GIVEN MATERIAL:
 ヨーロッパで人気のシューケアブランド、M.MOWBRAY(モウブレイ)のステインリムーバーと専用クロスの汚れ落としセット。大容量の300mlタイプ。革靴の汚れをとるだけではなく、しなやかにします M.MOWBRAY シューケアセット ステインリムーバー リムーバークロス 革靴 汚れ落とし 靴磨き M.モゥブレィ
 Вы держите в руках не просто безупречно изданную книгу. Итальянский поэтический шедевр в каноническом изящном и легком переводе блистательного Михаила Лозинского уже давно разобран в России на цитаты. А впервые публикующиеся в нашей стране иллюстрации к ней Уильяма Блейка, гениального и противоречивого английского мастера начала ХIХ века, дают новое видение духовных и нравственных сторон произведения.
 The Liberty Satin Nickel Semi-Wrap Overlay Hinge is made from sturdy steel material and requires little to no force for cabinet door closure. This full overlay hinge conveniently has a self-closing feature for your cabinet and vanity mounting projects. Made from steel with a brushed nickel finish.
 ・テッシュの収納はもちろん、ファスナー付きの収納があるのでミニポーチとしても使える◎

WHAT TO WORK ON: When you reply, retype each line exactly as it appears above.

TASK RESULT:
 ヨーロッパで人気のシューケアブランド、M.MOWBRAY(モウブレイ)のステインリムーバーと専用クロスの汚れ落としセット。大容量の300mlタイプ。革靴の汚れをとるだけではなく、しなやかにします M.MOWBRAY シューケアセット ステインリムーバー リムーバークロス 革靴 汚れ落とし 靴磨き M.モゥブレィ
 Вы держите в руках не просто безупречно изданную книгу. Итальянский поэтический шедевр в каноническом изящном и легком переводе блистательного Михаила Лозинского уже давно разобран в России на цитаты. А впервые публикующиеся в нашей стране иллюстрации к ней Уильяма Блейка, гениального и противоречивого английского мастера начала ХIХ века, дают новое видение духовных и нравственных сторон произведения.
 The Liberty Satin Nickel Semi-Wrap Overlay Hinge is made from sturdy steel material and requires little to no force for cabinet door closure. This full overlay hinge conveniently has a self-closing feature for your cabinet and vanity mounting projects. Made from steel with a brushed nickel finish.
 ・テッシュの収納はもちろん、ファスナー付きの収納があるのでミニポーチとしても使える◎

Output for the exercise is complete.